Cozen in the News
Cozen O’Connor’s State Attorneys General Practice Discusses Current Trends in AG Enforcement Priorities and Activism
- Christopher Allen, Ann-Marie Luciano, and Bryan Mosca of Cozen O’Connor’s State Attorneys General Practice published an article in Bloomberg Law in which they discussed trends in AG enforcement priorities, activism, and the expanding public and political profile that AGs continue to command.
- The article identifies antitrust, data privacy and security, public nuisance law, and disruptive technologies as areas of continuing AG interest. It also examines the impact of rising AG political activism on enforcement priorities and on collaboration between AGs.

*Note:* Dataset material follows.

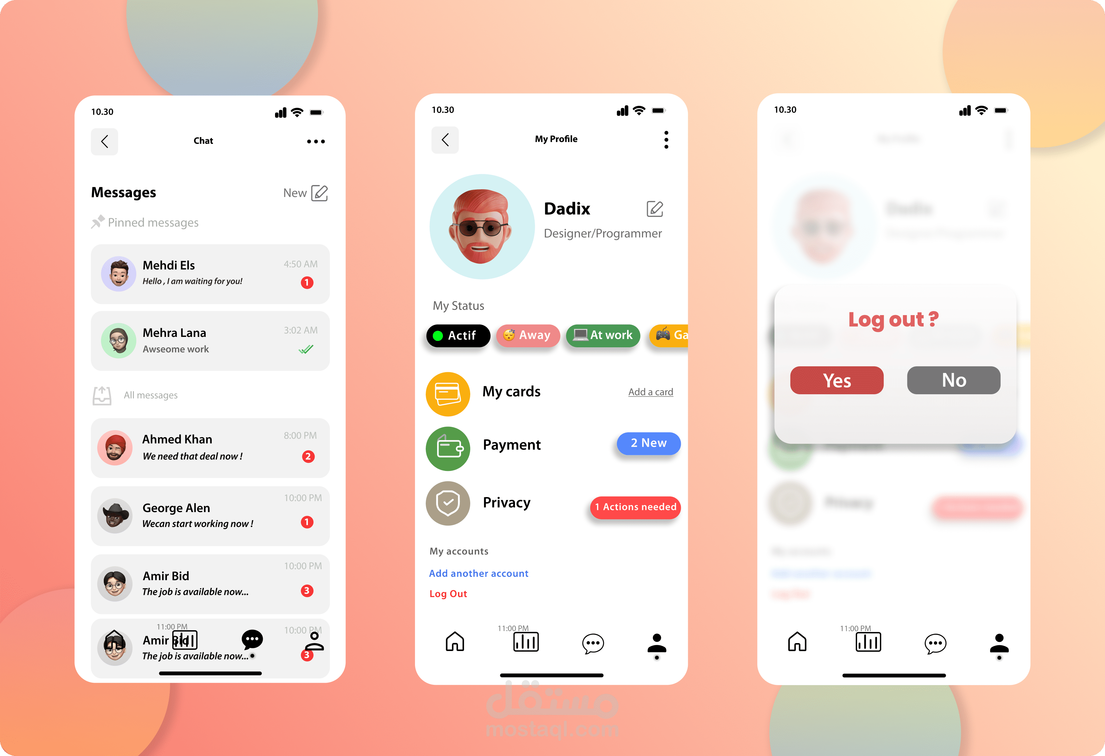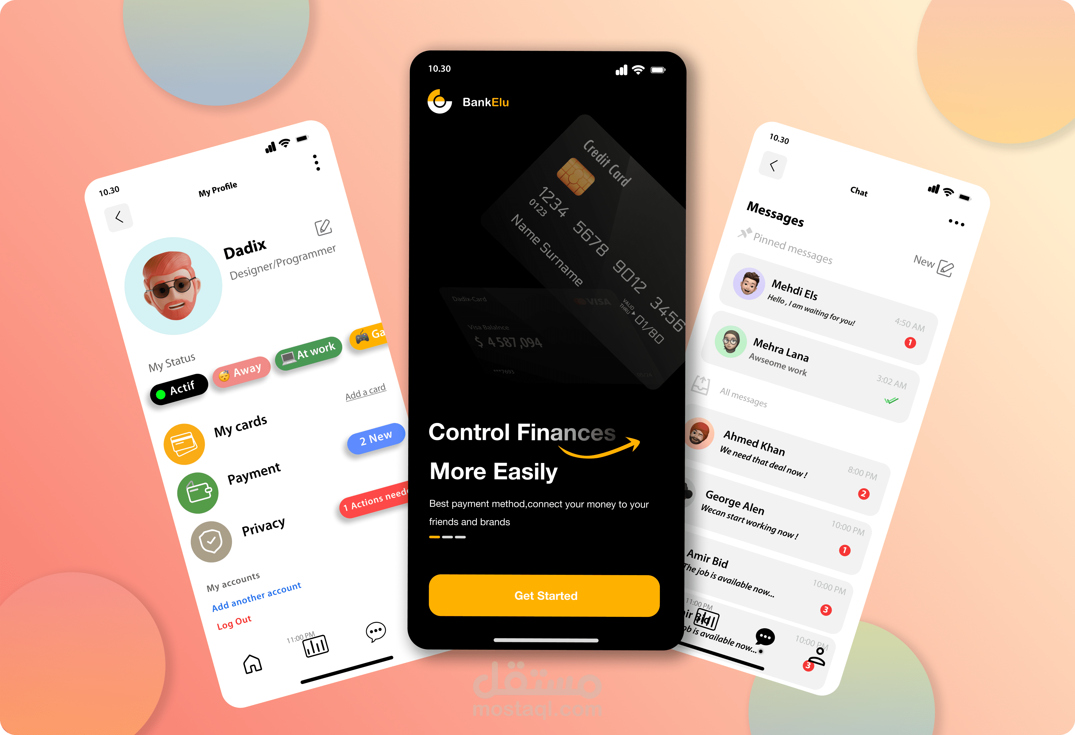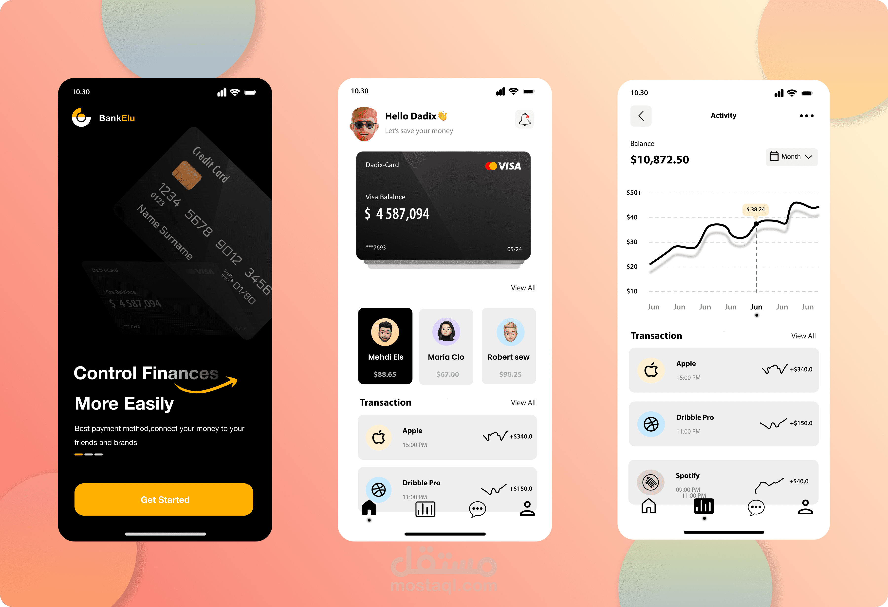 This is a UI design for a bank mobile application with the possibility of talking to many people within you list of friends or people to talk about the currencies

Consumer Financial Protection Bureau
Bank in CFPB Crosshairs for Allegedly Failing to Properly Manage and Respond to Customer Credit Card Disputes
- The Consumer Financial Protection Bureau (“CFPB”) sued Citizens Bank, N.A. (“Citizens Bank”) for allegedly failing to properly manage and respond to credit card disputes and billing errors in violation of the Truth in Lending Act, the Fair Credit Billing Act, the Credit Card Accountability Responsibility and Disclosure Act, and the Consumer Financial Protection Act (“CFPA”).
- The complaint alleges that, among other things, Citizens Bank automatically denied customers’ claims of unauthorized use of their credit cards and of billing errors. Citizens Bank also allegedly failed to apprise customers of the status of their claims and to refund finance charges and fees when it resolved unauthorized use and billing error notices in customers’ favor. In addition, Citizens Bank allegedly failed to have policies and procedures to provide credit counseling referrals to its customers.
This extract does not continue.